*Raw data*.
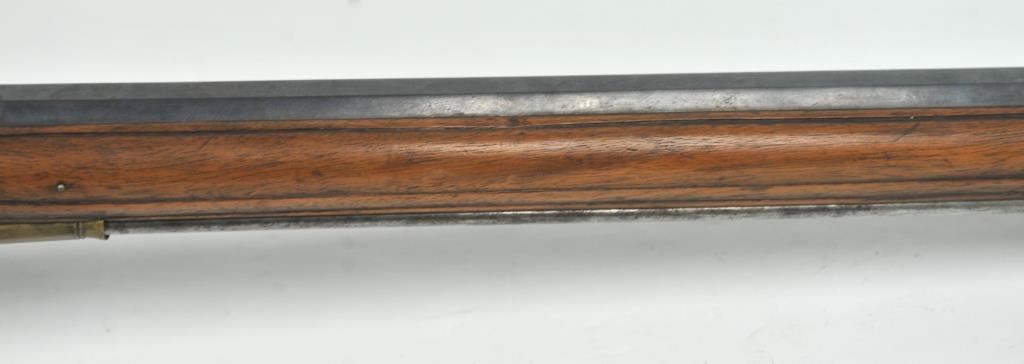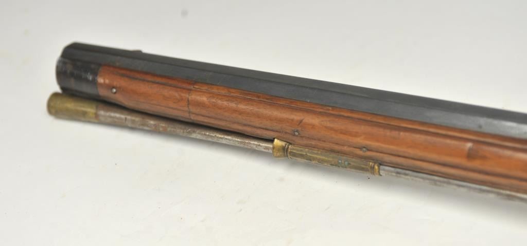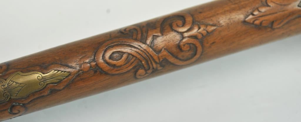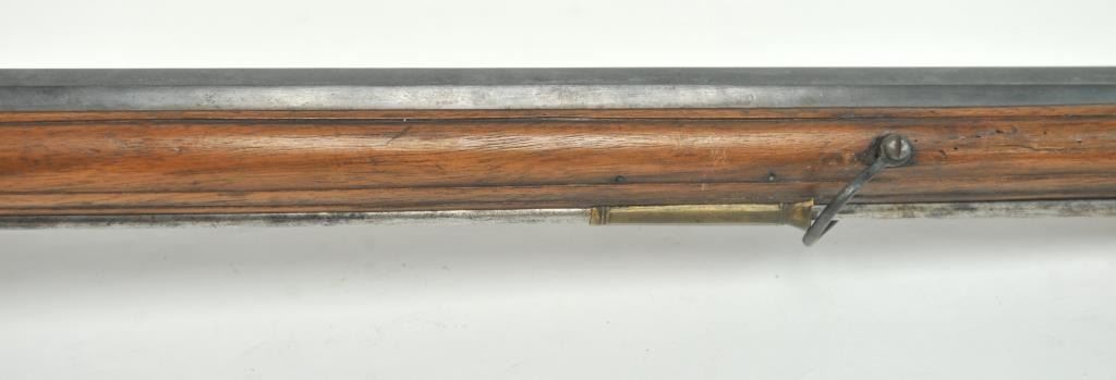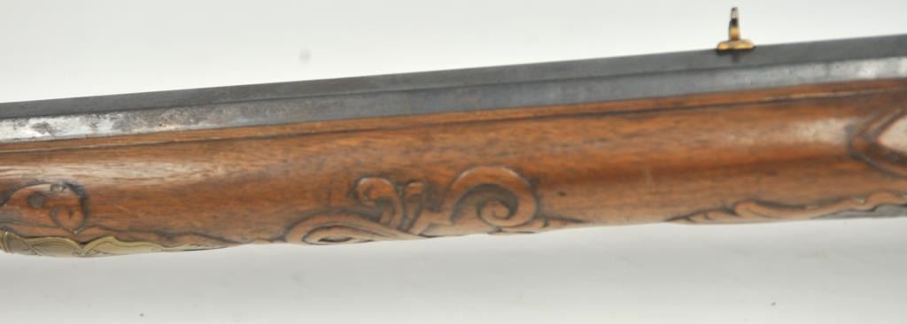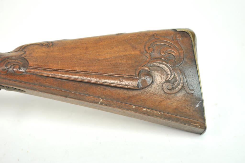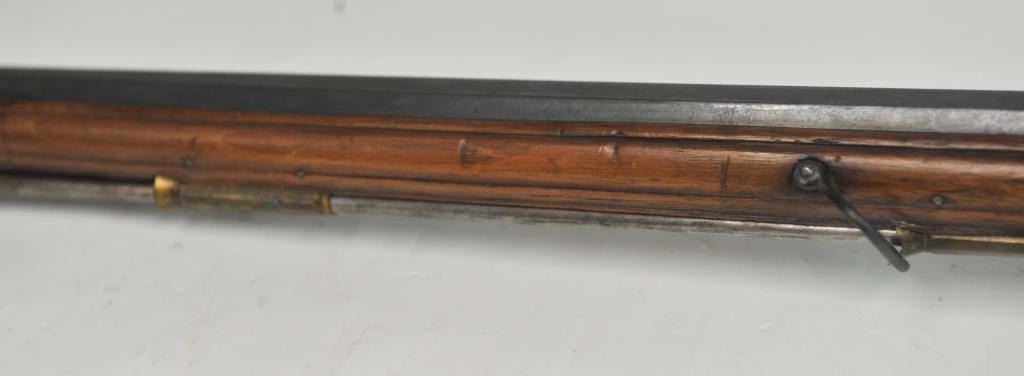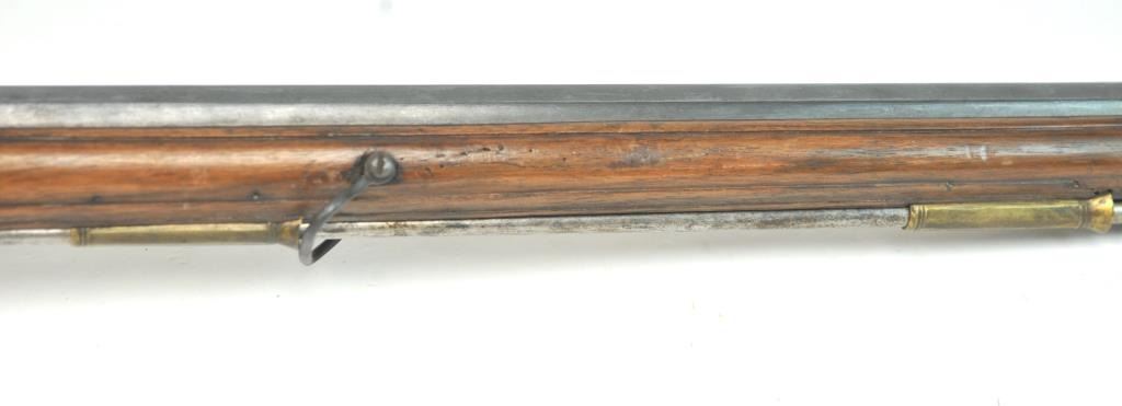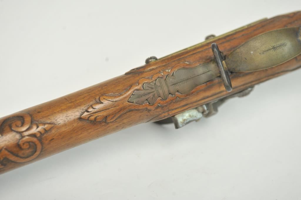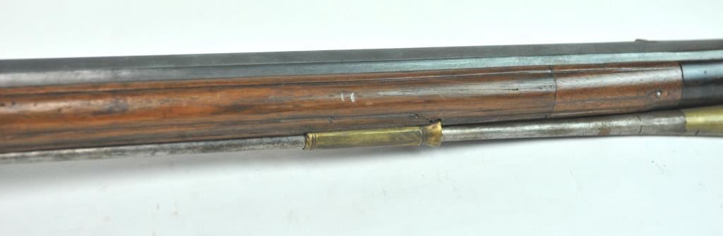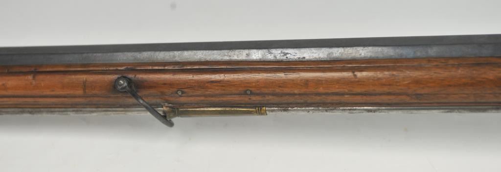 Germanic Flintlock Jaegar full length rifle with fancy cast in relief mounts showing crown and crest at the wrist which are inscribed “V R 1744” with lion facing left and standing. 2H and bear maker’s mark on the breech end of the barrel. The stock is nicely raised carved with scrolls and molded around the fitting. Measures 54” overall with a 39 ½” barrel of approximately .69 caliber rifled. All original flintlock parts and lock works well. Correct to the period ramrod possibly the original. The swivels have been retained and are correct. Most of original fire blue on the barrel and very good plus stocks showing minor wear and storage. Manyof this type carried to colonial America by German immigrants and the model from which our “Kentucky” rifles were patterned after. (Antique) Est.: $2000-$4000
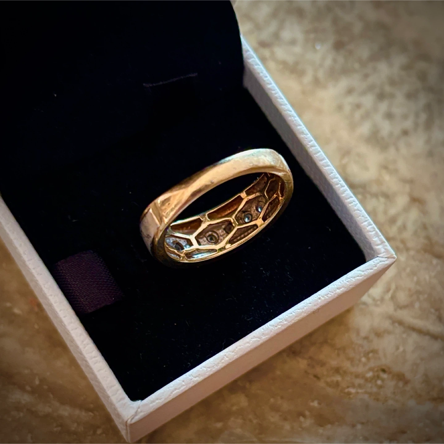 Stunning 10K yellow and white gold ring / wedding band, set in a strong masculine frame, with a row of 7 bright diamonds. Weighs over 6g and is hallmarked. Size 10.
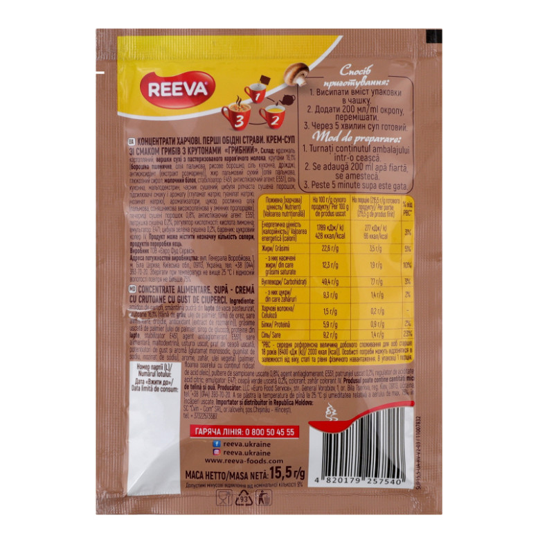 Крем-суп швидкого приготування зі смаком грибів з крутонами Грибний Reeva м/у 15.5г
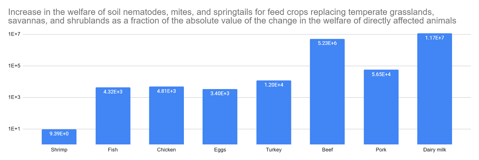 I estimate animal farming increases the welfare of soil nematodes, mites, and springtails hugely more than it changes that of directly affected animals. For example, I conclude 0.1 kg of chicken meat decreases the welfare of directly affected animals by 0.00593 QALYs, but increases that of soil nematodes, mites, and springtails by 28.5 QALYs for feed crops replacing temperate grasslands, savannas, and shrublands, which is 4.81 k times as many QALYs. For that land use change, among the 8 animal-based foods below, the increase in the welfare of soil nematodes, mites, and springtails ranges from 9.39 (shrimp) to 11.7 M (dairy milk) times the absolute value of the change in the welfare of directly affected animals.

*What to do*. Return the opening line of the data above and every line after it up to and including the line that holds "Крем-суп швидкого приготування"; pictures stay out.

*Answer area*.
 Germanic Flintlock Jaegar full length rifle with fancy cast in relief mounts showing crown and crest at the wrist which are inscribed “V R 1744” with lion facing left and standing. 2H and bear maker’s mark on the breech end of the barrel. The stock is nicely raised carved with scrolls and molded around the fitting. Measures 54” overall with a 39 ½” barrel of approximately .69 caliber rifled. All original flintlock parts and lock works well. Correct to the period ramrod possibly the original. The swivels have been retained and are correct. Most of original fire blue on the barrel and very good plus stocks showing minor wear and storage. Manyof this type carried to colonial America by German immigrants and the model from which our “Kentucky” rifles were patterned after. (Antique) Est.: $2000-$4000
 Stunning 10K yellow and white gold ring / wedding band, set in a strong masculine frame, with a row of 7 bright diamonds. Weighs over 6g and is hallmarked. Size 10.
 Крем-суп швидкого приготування зі смаком грибів з крутонами Грибний Reeva м/у 15.5г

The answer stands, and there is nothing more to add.